I shook my head. “Nope. I need to stay and talk a little about your kid. Let’s start over. Pretend I haven’t snuck in here. Pretend you haven’t yelled at me. Pretend I haven’t been a wise guy. It’s a bad habit, I know, but sometimes I can’t resist.”

“The kid ain’t here. Now get the hell out of here or I’m going to throw you down the stairs.”

“Now I told you, we have to talk. I am very stubborn. Maybe I’ve lost my sex appeal, but I’m still stubborn. I’m going to find that kid and I’m pretty sure you can help.”

Giacomin was looking at me. He was a big guy and he’d played football, and he was probably used to being tough. But he probably also knew something about physical potential from his old football days and I think he had a suspicion that he couldn’t throw me down the stairs.

“I don’t know where he is,” Giacomin said.

“Are you worried at all about the fact that his mother doesn’t know either?” I said.

“She tell you that?” he said.

“Not exactly. She told me he was with you.”

“Well, I told you before he’s not. Now are you going to leave or am I going to call the cops?”

“You’re going to call the cops,” I said.

“You think I won’t?”

“I think you won’t,” I said.

“You think you can stop me?”

“I don’t need to. I don’t want to. I enjoy meeting policemen. Sometimes if you’re good they let you play with their handcuffs.”

He looked at me. Elaine Brooks looked at me. If there’d been a mirror, I would have looked at me. But there wasn’t. So I looked at them. In the quiet I
could hear a television playing. It didn’t seem to be from downstairs.

“Look, Jack, I’m getting pretty tired of you,” he said. “What is it you want?”
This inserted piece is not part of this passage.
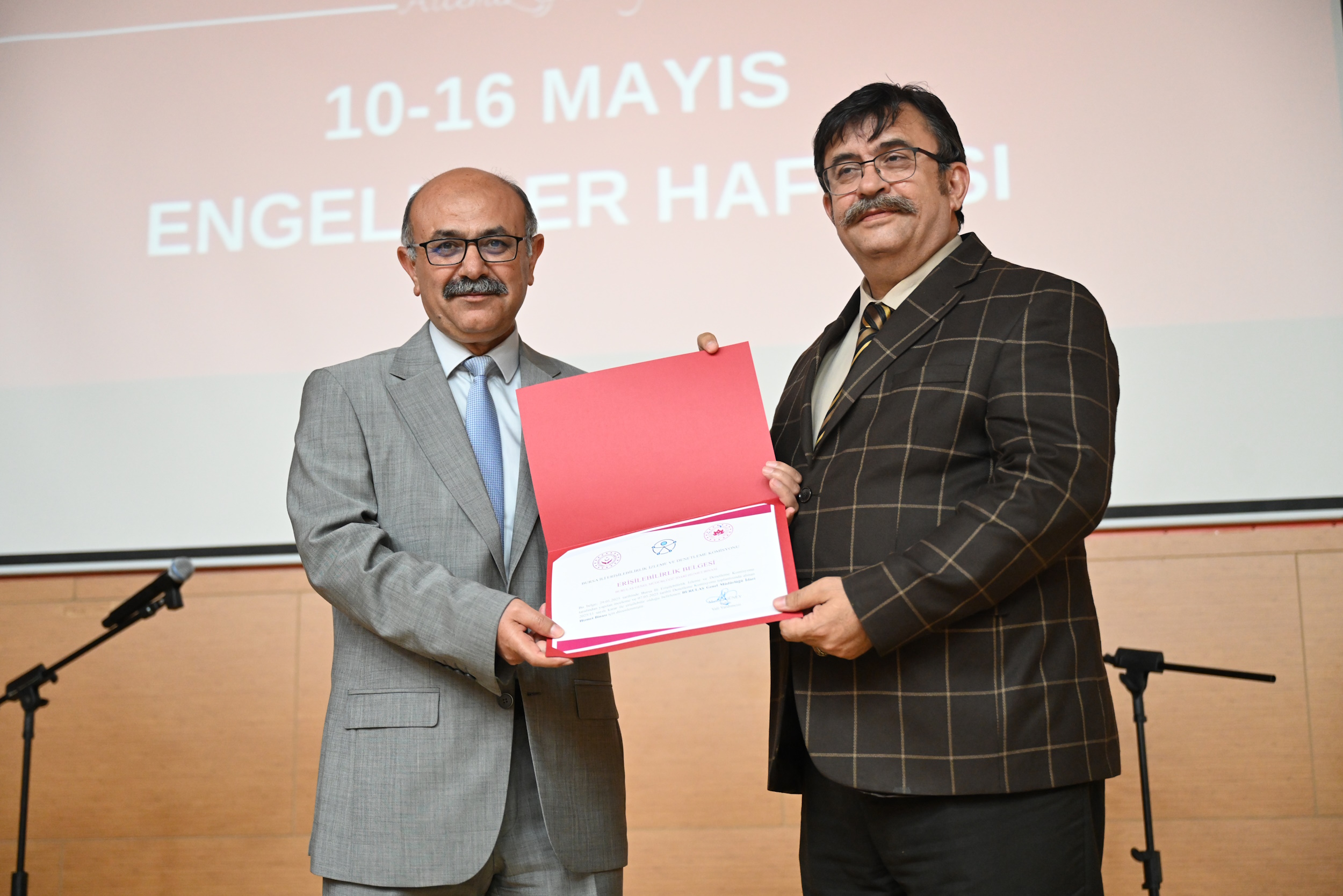 Bursa Aile ve Sosyal Hizmetler İl Müdürlüğü tarafından 10-16 Mayıs Engelliler Haftası nedeniyle 'Ailemiz, Farklılıklarımız En Büyük Zenginliğimiz' isimli program düzenlendi. Programa, Vali Yardımcısı Mustafa Güney, Büyükşehir Belediyesi Başkanvekili Metin Tunçel, Aile ve Sosyal Hizmetler İl Müdürü Faruk Uysal, BURULAŞ Genel Müdürü Fahrettin Beşli, BURFAŞ Genel Müdürü Erhan Pınar ve vatandaşlar katıldı. Engelli hizmetleri ile ilgili örnek çalışmalar yapan kurumlara, Vali Yardımcısı Mustafa Güney tarafından ‘Erişilebilirlik Belgesi’ takdim edildi.

“I want to take your kid back to his mother,” I said. “I told you that already.”

“And I told you he ain’t here.”

“Why don’t I look around and prove it to myself,” I said.

“You got a search warrant?”

“A search warrant? You gotta stop watching
Starsky and Hutch,”
I said. “I’m not a cop. I don’t get search warrants.”

“You can’t just walk in here and search my house,” he said.

“Why not?”

We looked at each other some more. I was pretty sure the kid was there. If he wasn’t, why not call the cops? All I had to do was stay there. They’d bend. They wouldn’t be able to think of anything else to do.